Here the y-axis is the (local) p-value which, from what I’ve read, is the p-value where the null hypothesis is “the signal is random background noise” and the x-axis is the mass of the Higgs boson. I have to state that this is my interpretation of what I’ve read, so I might be wrong here. Anyways, let’s continue. There’s a pretty well defined bump at 126 GeV, suggesting that the mass of this new discovered particle is 126 GeV. If mine is the correct interpretation of the p-value that is shown here, I’m not entirely sure if this is the correct way of presenting the analysis. First of all, comparing p-values is dangerous: given that the null hypothesis is false, the p-value has a defined distribution which is hopefully skewed towards zero (yes, the p-value IS A RANDOM VARIABLE). On the other hand, given that the null hypothesis is true, the p-value has a uniform distribution between 0 and 1 (by the probability integral transform). Given all this, I really don’t know if this is a meaningful plot at all.

Again, if my interpretation of the p-value that appears here is correct, I have something to say. I’ve been hearing lately (even from physicists) that the p-value that appears here is “the probability of the signal being random noise”. However, if my interpretation is correct, this is FALSE. The p-value is the probability of obtaining data as least as extreme as CERN’s given that the signal is random noise (i.e., here $H_0$ : “the signal is background random noise”). Stating that this is the probability of the signal being random noise is as stating that the p-value in our coin example is the probability of the coin being unbiased. That’s nonsense.

I also read from the official ATLAS release that the p-value plot shows “the probability of background to produce a signal-like excess”. If my interpretation of the local p-value is correct, then this is also wrong: the p-value shown means that, in a universe without the Higgs, one experiment in three million would see data at least as extreme as ours (which, as we saw in our coin example, is a little more complicated than just the probability of the background producing the signal of the Higgs: in the case of gaussian errors, the p-value would have been probably the integral of a chi-squared distribution or even the integral of a gaussian…it’s value is even more complicated to interpret and, hence, to compare!). Even more, because the p-value has a defined distribution, this is just an estimation of the possible values of the p-value; if we perform the experiment once again, I can guarantee you that the p-value will be different (and, depending on the distribution of the p-value given that the null hypothesis is false, it could be even closer to 0 than the one reported by the ATLAS team).
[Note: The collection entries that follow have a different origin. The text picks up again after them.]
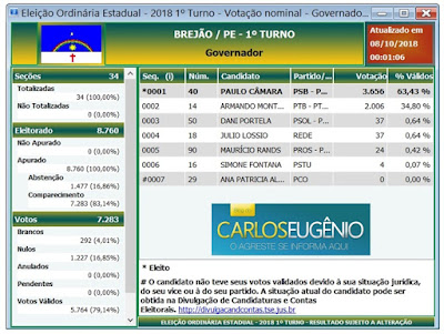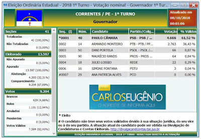 Governador Paulo Câmara (PSB) obteve quase 64% dos votos válidos no Município.
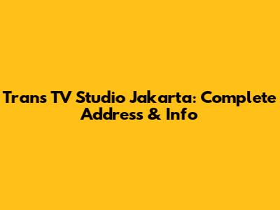 Trans TV Studio Jakarta: Complete Address & Info
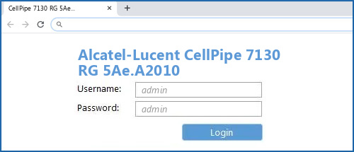 - The default username for your Alcatel-Lucent CellPipe 7130 RG 5Ae.A2010 is admin.

My conclusion is that significance testing wasn’t appropiate for a huge result like the one we saw, because it is not only confusing for the people that read the results, but even to physicists around the world trying to explain the results. If you wanted to talk about probabilities of hypothesis or of parameters, why not use, for example, bayesian data analysis or information theoretic criteria for model selection?
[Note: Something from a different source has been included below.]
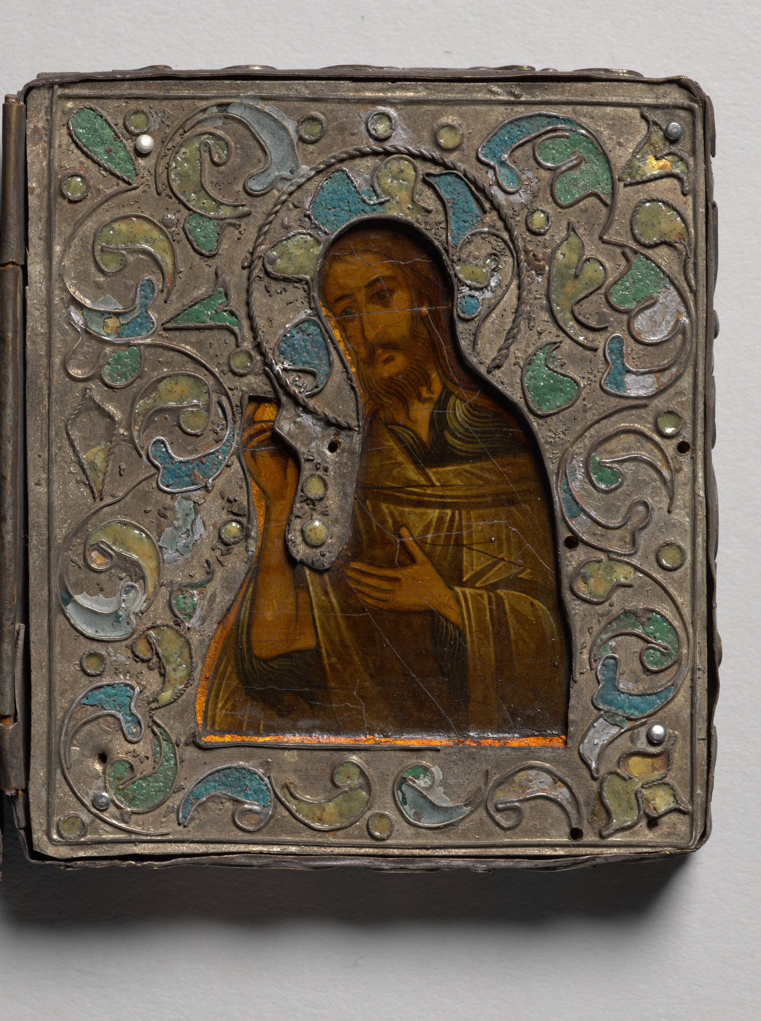 Metallic bronze-colored rectangular frame with blue and green swirls in a leaf-like pattern. The frame surrounds a central portrait. The portrait depicts a man with long dark hair and a beard. He wears a brown robe and has a halo. His left hand holds his robe and his right hand holds an object. The portrait is in a golden color. The background of the image is gray. The title of the piece, St. John the Evangelist, reflects the identity of the man in the portrait.

[1]:  How low enough is enough? Well, usually a probability below 0.01 is good enough (which is called a 99% significance level), but it really depends on the subject of study. In fact, depending on the paradigm, this defines the probability of a Type I error, i.e., the probability of rejecting the null hypothesis when it is in fact true.

[2]:  This is usually called a “two-sided p-value”. This p-value has some problems in the case of non-symmetric distributions, but that’s another story.

[3]:  This may sound strange for most people, but here’s the catch: the general idea is to always try to avoid Type I errors, i.e., rejecting the null hypothesis when it is in fact true. Think of it as a criminal trial: we want to avoid proving an innocent man guilty (in that example, $H_0$ : “The man is innocent”).